< The Reasons Why SonicLabs' FeeM is Awesome >
When you think of "Sonic," you often think of speed.
Today, I want to introduce you to Sonic's product "FeeM," which is just as important as speed!
Sonic's FeeM aims to overcome the limitations of the app chain model!
So, what are the issues with app chains?
Existing app chains require you to create a chain directly (node operation, security, upgrades, etc.), which takes a lot of time and money from the development team's perspective.
However, FeeM has the following advantages:
1. Developers take 90% of the fees earned from the app.
- No separate chain is needed; you can generate revenue just by building a good app on the mainnet.
- It is designed with a structure where "traffic equals rewards," similar to YouTube.
2. The monetization structure is built into the chain.
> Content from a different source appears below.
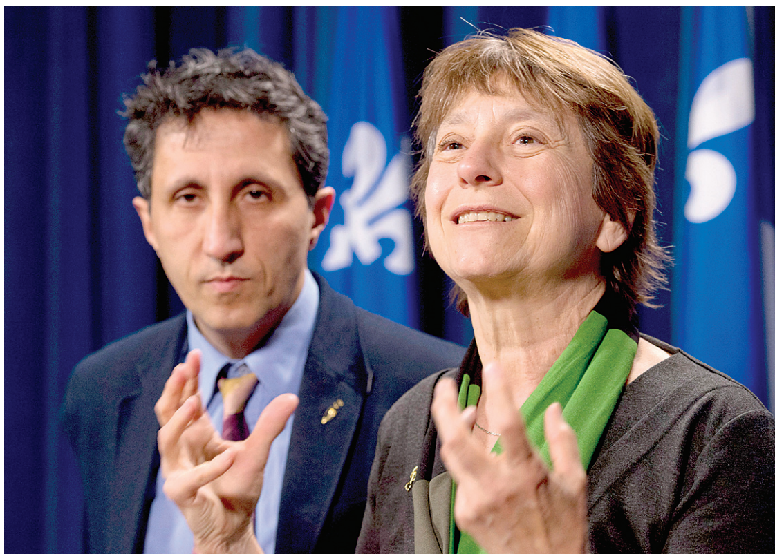
JACQUES BOISSINOT LA PRESSE CANADIENNE

Dans certaines officines, on semble rêver d'un monde lisse sans différences de sexes, de cultures et de nations, où il n'y aurait plus que des êtres abstraits sans chair et sans beauté. Devant cette disparition des sexes rêvée par quelques fanatiques, permettez cette seconde question tout aussi simpliste: s'il n'y a plus de femmes, qui donc civilisera les hommes?

- Automatic revenue distribution without separate logic.
- The FeeM oracle distributes accurate rewards based on gas usage per transaction.
3. Accurate gas measurement prevents double counting.
- Rewards are distributed according to the gas ratio for each project, tracking even internal calls.
- The total distribution of fees never exceeds 100%.
*Double counting refers to the structure of tracking how much each project contributes when a transaction goes through multiple projects or contracts to allocate rewards.
With a clear revenue structure and a developer-friendly framework without infrastructure burdens, there’s no reason not to use it!
By the way, I was wondering what kind of picture to use, and I made this to congratulate @biya_air, who just became an ambassador. Hehe.